\name{archetypoids}
\alias{archetypoids}
\title{
Finding archetypoids
}
\description{
Archetypoid algorithm. It is based on the PAM clustering algorithm. It is made up of two phases (a BUILD phase and a SWAP phase). In the BUILD phase, an initial set of archetypoids is determined. Unlike PAM, this collection is not derived in a stepwise format. Instead, it is suggested you choose the set made up of the nearest individuals returned by the \code{\link{archetypes}} function of the \pkg{archetypes} R package (Eugster et al. (2009)). This set can be defined in three different ways, see next section \emph{arguments}. The goal of the SWAP step is the same as that of the SWAP step of PAM, but changing the objective function. The initial vector of archetypoids is attempted to be improved. This is done by exchanging selected individuals for unselected individuals and by checking whether these replacements reduce the objective function of the archetypoid analysis problem. 

All details are given in Vinue et al. (2015).
}
\usage{
archetypoids(numArchoid,data,huge=200,step,init,ArchObj,nearest="cand_ns",sequ,aux)
}
\arguments{
\item{numArchoid}{
Number of archetypoids (archetypal observations).
}
\item{data}{
Data matrix. Each row corresponds to an observation and each column corresponds to an anthropometric variable. All variables are numeric.
}
\item{huge}{
This is a penalization added to solve the convex least squares problems regarding the minimization problem to estimate archetypoids, see Eugster et al. (2009).
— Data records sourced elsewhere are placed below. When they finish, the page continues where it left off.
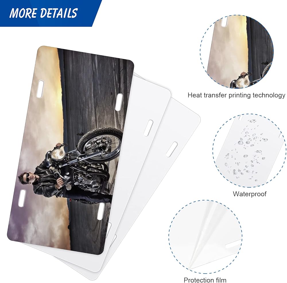 【تحتوي على طبقة واقية】 تحتوي لوحات الترخيص الفارغة للفينيل على طبقة واقية شفافة على السطح لمنع الخدوش أثناء النقل، تأكد من أن لوحة الترخيص جديدة تمامًا عند الحصول عليها. يرجى تمزيق الطبقة الواقية عند استخدام فراغات لوحة الترخيص بالتسامي.
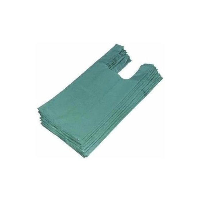 Sacola Reciclada 30X40 Verde Com 5KgA sacola é produzida em polietileno de alta densidade. É um produto de extrema resistência, versatilidade e usabilidade. Por suportar bastante peso sem comprometer a sua qualidade e formato inicial a sacola alça camiseta pode ser usada em diversos segmentos desde supermercados, padarias, mercearias, lojas de calçados e brinquedos. Fora isso temos o apelo sustentável por se tratar de um material 100% reciclável, temos diversas formas de reaproveitar esse produto num ambiente doméstico, estimulando a reciclagem e sustentabilidade. Características do produto: Sacola verde Tamanho: 30x40cm Pacote: 5kg
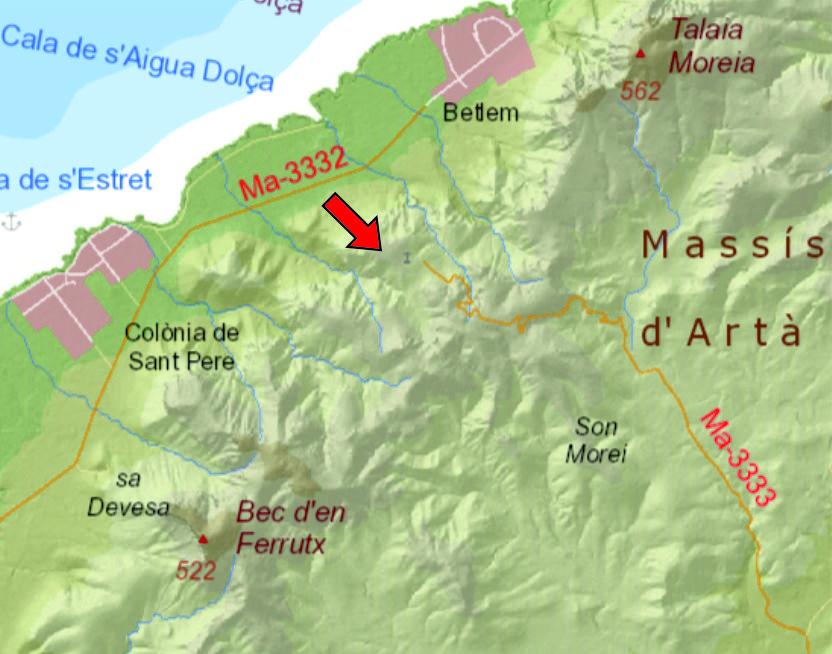 The access path starts behind the Betlem hermitage which is reached by the Ma-3333 road from Artà. It is a well-marked path of some 400 m that climbs up the northern slope to the summit line, where the aircraft observatory is located.
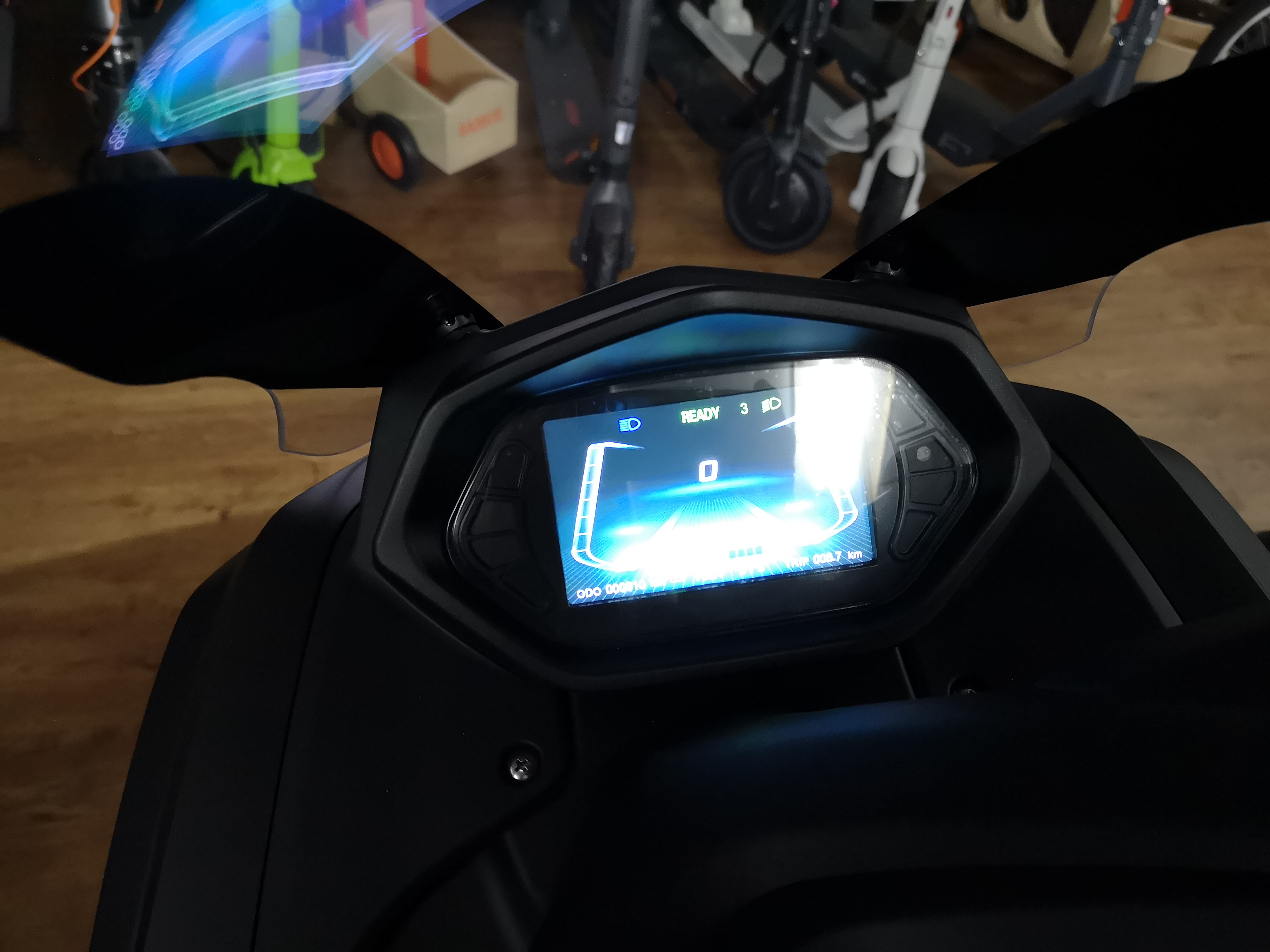 D. h. Wenn Du nach dem Start des Rollers sechs mal schnell hintereinander mit Lichthupe das Fernlicht anmachst, geht der Tageskilometerstand auf Null. In China macht das offenbar Niemand im normalen Straßenverkehr, zumindest nicht bei Fahrtantritt.
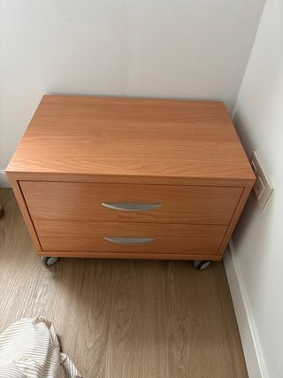 Mesita o cajonera auxiliar con ruedas, ideal para cualquier espacio. Se encuentra en muy buen estado. - Diseño moderno y funcional. - Fácil de mover y colocar. - Dos cajones amplios.
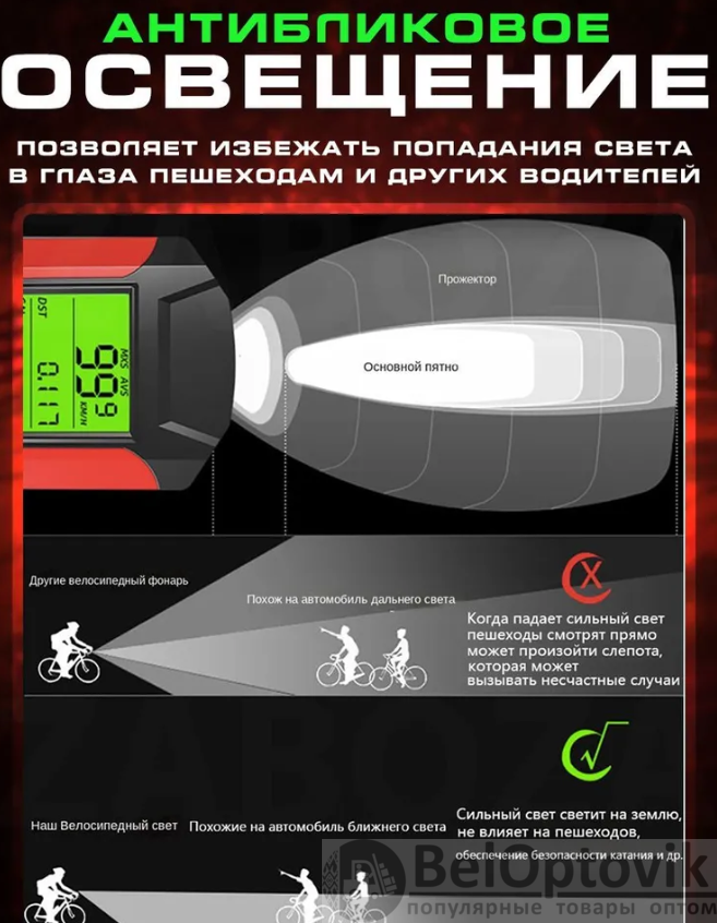 Почему купить умный велосипедный фонарь Bicycle Lamp Function King AS0808 (фара, сигнал, сигнализация, спидометр, дистанция и т.д.) оптом выгодно у нас:

Default value is 200.
}
\item{step}{
Logical value. If TRUE, the archetypoid algorithm is executed repeatedly within \code{\link{stepArchetypoids}}. Therefore, this function requires the next argument \code{init} (but neither the \code{ArchObj} nor the \code{nearest} arguments) that specifies the initial vector of archetypoids, which has already been computed within \code{\link{stepArchetypoids}}. If FALSE, the archetypoid algorithm is executed once. In this case, the \code{ArchObj} and \code{nearest} arguments are required to compute the initial vector of archetypoids.
}
\item{init}{
Initial vector of archetypoids for the BUILD phase of the archetypoid algorithm. It is computed within \code{\link{stepArchetypoids}}. See \code{nearest} argument below for an explanation of how this vector is calculated.
}
\item{ArchObj}{
The list object returned by the \code{\link{stepArchetypesRawData}} function. This function is a slight modification of the original \code{\link{stepArchetypes}} function of \pkg{archetypes} to apply the archetype algorithm to raw data. The \code{\link{stepArchetypes}} function standardizes the data by default and this option is not always desired. This list is needed to compute the nearest individuals to archetypes. Required when \code{step=FALSE}.
}
\item{nearest}{
Initial vector of archetypoids for the BUILD phase of the archetypoid algorithm. Required when \code{step=FALSE}. This initial vector contain the nearest individuals to the archetypes returned by the \code{\link{archetypes}} function of \pkg{archetypes} (In Vinue et al. (2015), archetypes are computed after running the archetype algorithm twenty times). This argument is a string vector with three different possibilities. The first and default option is "cand_ns" and allows us to calculate the nearest individuals by computing the Euclidean distance between the archetypes and the individuals and choosing the nearest. It is used in Epifanio et al. (2013). The second option is "cand_alpha" and allows us to calculate the nearest individuals by consecutively identifying the individual with the maximum value of alpha for each archetype, until the defined number of archetypes is reached. It is used in Eugster (2012). The third and final option is "cand_beta" and allows us to calculate the nearest individuals by identifying the individuals with the maximum beta value for each archetype, i.e. the major contributors in the generation of the archetypes.
}
\item{sequ}{
Logical value. It indicates whether a sequence of archetypoids (TRUE) or only a single number of them (FALSE) is computed. It is determined by the number of archetypes computed by means of \code{\link{stepArchetypesRawData}}.
}
\item{aux}{
If \code{sequ}=FALSE, this value is equal to \code{numArchoid}-1 since for a single number of archetypoids, the list associated with the archetype object only has one element.
}
}
\details{
As mentioned, this algorithm is based on PAM. These types of algorithms aim to find good solutions in a short period of time, although not necessarily the best solution. Otherwise, the global minimum solution may always be obtained using as much time as it would be necessary, but this would be very inefficient computationally.
}
\value{
A list with the following elements:

\emph{cases}: Anthropometric cases (final vector of \code{numArchoid} archetypoids).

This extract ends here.